** PROVIDED DATA follows **

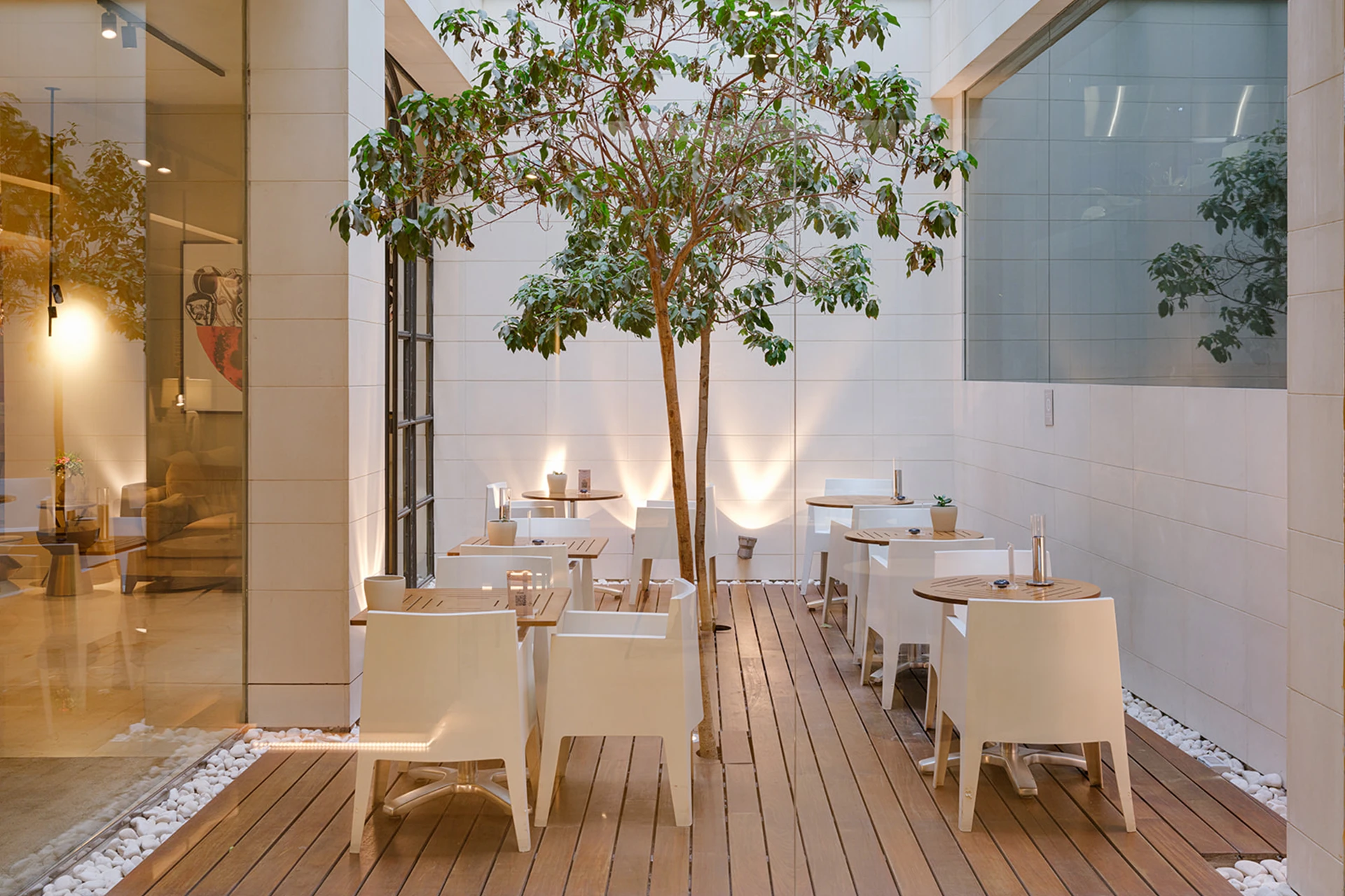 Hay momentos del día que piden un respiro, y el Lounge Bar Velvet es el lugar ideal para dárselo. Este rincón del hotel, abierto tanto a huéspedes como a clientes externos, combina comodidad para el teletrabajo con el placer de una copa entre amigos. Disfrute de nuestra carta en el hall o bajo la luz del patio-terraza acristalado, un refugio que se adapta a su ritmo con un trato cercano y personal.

** End of PROVIDED DATA **
** PROVIDED DATA follows **

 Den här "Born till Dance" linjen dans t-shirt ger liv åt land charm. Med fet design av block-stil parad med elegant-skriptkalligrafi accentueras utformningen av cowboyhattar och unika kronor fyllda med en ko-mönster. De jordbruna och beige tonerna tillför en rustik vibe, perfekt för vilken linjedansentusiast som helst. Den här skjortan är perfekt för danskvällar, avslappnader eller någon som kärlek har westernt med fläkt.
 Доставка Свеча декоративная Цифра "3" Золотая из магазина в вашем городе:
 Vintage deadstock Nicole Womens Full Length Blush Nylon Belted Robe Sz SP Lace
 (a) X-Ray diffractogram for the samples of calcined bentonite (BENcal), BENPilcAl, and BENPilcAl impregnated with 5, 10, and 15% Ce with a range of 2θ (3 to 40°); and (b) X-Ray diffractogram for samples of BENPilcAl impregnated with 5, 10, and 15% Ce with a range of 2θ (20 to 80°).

** End of PROVIDED DATA **

TASK DIRECTIONS:
The answer is the run of lines above from the line containing "Доставка Свеча декоративная" through the line containing "(a) X-Ray diffractogram", copied exactly and alone.

RESULT OF THE EXERCISE:
 Доставка Свеча декоративная Цифра "3" Золотая из магазина в вашем городе:
 Vintage deadstock Nicole Womens Full Length Blush Nylon Belted Robe Sz SP Lace
 (a) X-Ray diffractogram for the samples of calcined bentonite (BENcal), BENPilcAl, and BENPilcAl impregnated with 5, 10, and 15% Ce with a range of 2θ (3 to 40°); and (b) X-Ray diffractogram for samples of BENPilcAl impregnated with 5, 10, and 15% Ce with a range of 2θ (20 to 80°).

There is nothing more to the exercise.